Different antigen degradation and processing pathways produce MHC-peptide complexes where "endogenous" peptides associate with class I molecules and "exogenous" peptides associate with class II molecules. MHC class I molecules bind small antigenic peptides that are 8-10 amino acid residues in length; MHC class II molecules present slightly larger peptides.

T cells in the thymus learn to recognize antigenic peptides in the context of self-MHC molecules by a two-step process involving both positive and negative selection.

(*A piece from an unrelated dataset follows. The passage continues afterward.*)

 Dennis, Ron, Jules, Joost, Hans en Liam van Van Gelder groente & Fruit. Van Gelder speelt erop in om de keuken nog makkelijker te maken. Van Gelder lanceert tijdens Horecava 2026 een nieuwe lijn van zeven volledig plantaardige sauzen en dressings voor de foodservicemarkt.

The binding between the TCR and the MHC/antigen peptide complex acts as a signal to induce T cell activation. T cells do not respond to either self-MHC alone or to free peptide. Accessory molecules increase avidity between the T cell and APC by performing an adhesive function.

CTLs recognize Ag in the context of MHC class I, and kill target cells directly by inducing apoptosis. They release preformed perforins at the target cell surface to generate transmembrane pores in the target cell, through which a second protein, granzyme, gains entry to the cytosol to initiate an apoptotic series of events. CTLs can also deliver apoptitic signals via surface bound molecules.

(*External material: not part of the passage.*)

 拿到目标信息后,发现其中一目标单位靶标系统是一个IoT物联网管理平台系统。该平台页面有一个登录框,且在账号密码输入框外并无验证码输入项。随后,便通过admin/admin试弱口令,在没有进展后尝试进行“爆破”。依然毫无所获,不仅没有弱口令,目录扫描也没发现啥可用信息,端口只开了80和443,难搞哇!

T helper lymphocytes recognize Ag and MHC class II on the APC in a manner mediated by adhesion molecules. The recognition is specific and requires co-stimulation through ligand interactions on the APC. Activation of the T helper cell leads to specific cytokine release. B cells are good antigen presenters to T cells.

Certain MHC alleles are associated with a greater chance of protective immune responses to pathogens, as well as towards developing autoimmunity. Some diseases are distinctly more common in individuals with a particular MHC allele or MHC haplotype. Possible reasons for this are discussed.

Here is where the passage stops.